以ext4文件系统为例,其内置了一个日志系统——jdb2。该日志系统可以在系统crash时保护主要的数据。它会在磁盘开辟一块区域来存放日志(默认为128M)。可以看出,这块区域并不大,不可能将所有数据都进行日志记录。对于文件系统而言,最重要的数据是metadata,所以其只会对元数据进行日志记录。所以Jm(jounal of metadata)要被立即flush到磁盘上。当日志记录完成,要进行commit操作,又需要第二次的flush操作[2]。
guest中的io是如何传递到qemu中的呢?这需要virtio的支持。virtio的前端获得guest的io请求,然后将请求发送到后端进行处理。后端的处理函数在block\blk-backend.c中。其中有两个重要的函数:
static void blk_aio_flush_entry(void *opaque)
static void blk_aio_write_entry(void *opaque)
(注:这里是aio的原因猜测是由于linux使用原生的aio。也可能会调用blk_flush_entry、blk_write_entry等接口,但都会调用相同的io函数) 可以猜测其实guest io中write、flush的后端处理。最终flush会调用block\io.c\bdrv_co_flush,write会调用block\io.c\bdrv_co_pwritev,进而调用qcow2_co_pwritev。

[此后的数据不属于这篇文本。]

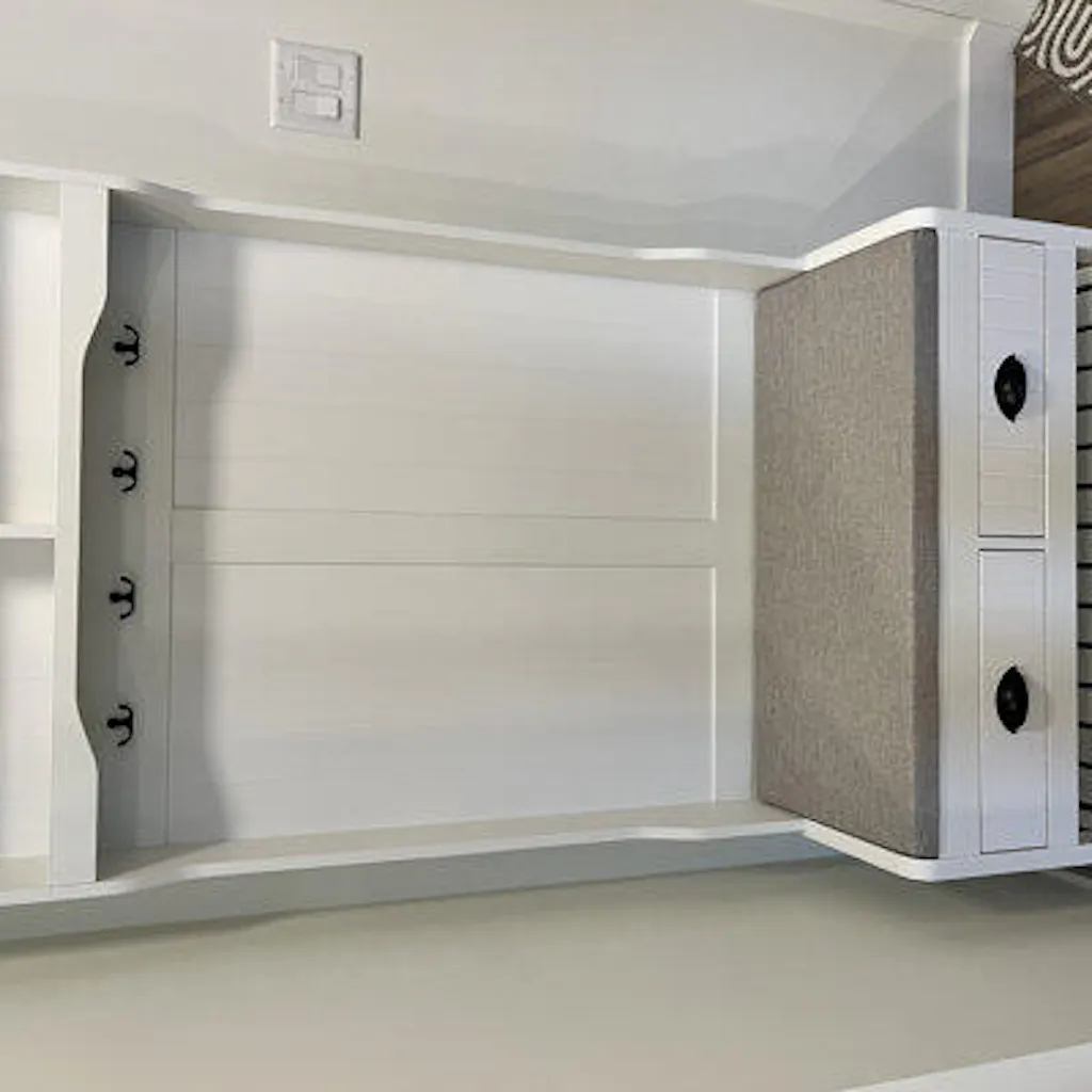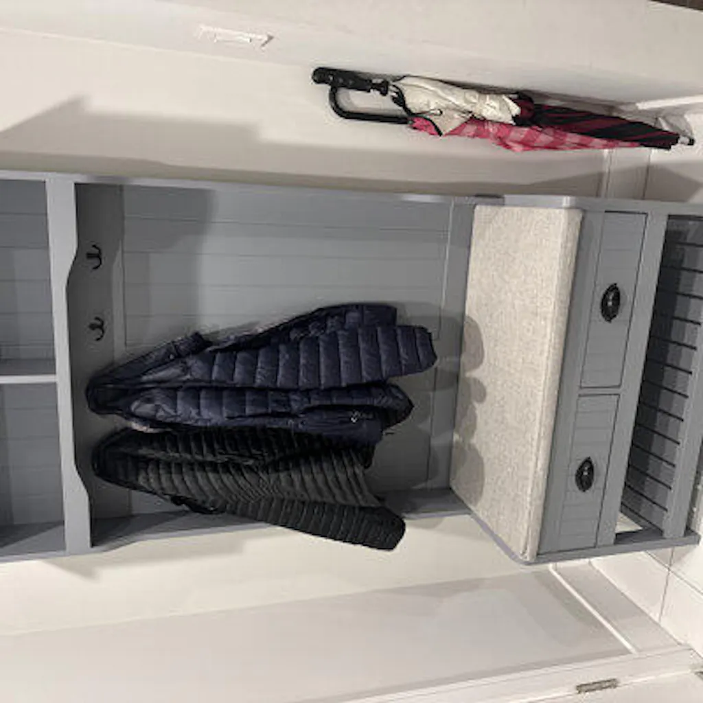 - Equipped with bench, hooks, drawers, and open shelves, providing ample and organized storage space.

在分析该函数之前,首先要弄清楚虚拟机的磁盘缓存模式。具体可参考[3][4]。目前,qemu的默认缓存模式是cache=writeback[1][4]。这意味着write操作将数据写到host的page cache就算成功,同时支持guest发出的flush操作。那么这种操作是如何实现的呢?在block.c中:
int bdrv_parse_cache_mode(const char *mode, int *flags, bool *writethrough)
{
*flags &= ~BDRV_O_CACHE_MASK;
if (!strcmp(mode, "off") || !strcmp(mode, "none")) {
*writethrough = false;
*flags |= BDRV_O_NOCACHE;
} else if (!strcmp(mode, "directsync")) {
*writethrough = true;
*flags |= BDRV_O_NOCACHE;
} else if (!strcmp(mode, "writeback")) {
*writethrough = false;
} else if (!strcmp(mode, "unsafe")) {
*writethrough = false;
*flags |= BDRV_O_NO_FLUSH;
} else if (!strcmp(mode, "writethrough")) {
*writethrough = true;
} else {
return -1;
}
return 0;
}
如果是cache=writeback,不设置writethrough标志;如果是cache=unsafe,会设置标签BDRV_O_NO_FLUSH。之后到blockdev.c中,有:
if (!qemu_opt_get(all_opts, BDRV_OPT_CACHE_WB))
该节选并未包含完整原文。